What comes to it in pain, hurts more.
What comes to it in hope, lifts more.
What comes to it in fear, scares more.
What comes to it in joy, elevates more.
I can't explain it better than that. And on these days, I do try to put on the armor I wear every other day; the one built from the iron of sarcasm and the teflon of experience. But it's futile. My body may be wearing that armor, but my heart's outside of my body -- so it's outside of the armor as well.
I try to protect it with my armor-covered hands and arms, and it works for the most superficial interactions. But anything more, and I'm feeling. A lot.
It's on these days that I try to write. The more I write, the more I understand. The more I can push out of the way. The more I can put on paper and into folders and out of view. The more room I can make inside me to put my heart back where it belongs.
The writing I produce during these times, I do not share. It's rarefied material; having very little use to anyone besides myself. It's too delicate. I can't put it on the shelf for fear it might be bumped. And I've been having these days a lot the past little while, and that's why you haven't been hearing from me much lately.

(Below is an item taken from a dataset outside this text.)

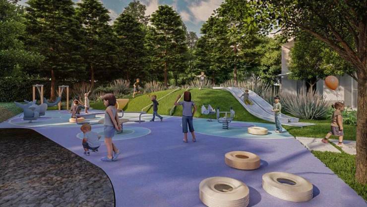 社区内部"一轴三园"归家礼序,活力中轴、入户叠水花园、雾色之河休闲园、特色山丘游乐园,豪宅品质立现。
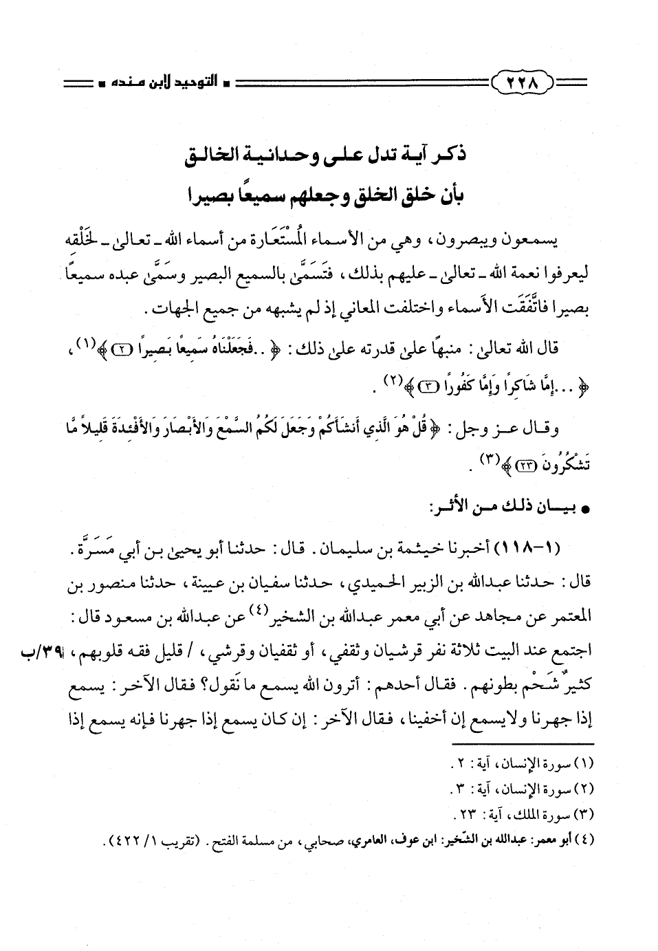 قال الله تعالى: منبهاً على قدرته على ذلك: { .. فَجَعَلْناهُ سَمِيعاً بَصِيراً (٢)} (¬١)، { ... إِمّا شاكِراً وَإِمّا كَفُوراً (٣)} (¬٢).

But it's this writing that forms the basis for the stuff I actually do publish later in life. I go back to it, visit it, dig through it for the bits I know I can make something useful out of, and go to town. So I trust that when things level out and I get the chance, I'll be hammering you with tons of material, all drawn from the lessons I've been learning the past 6-9 months.
I look very forward to it. I hope you do as well.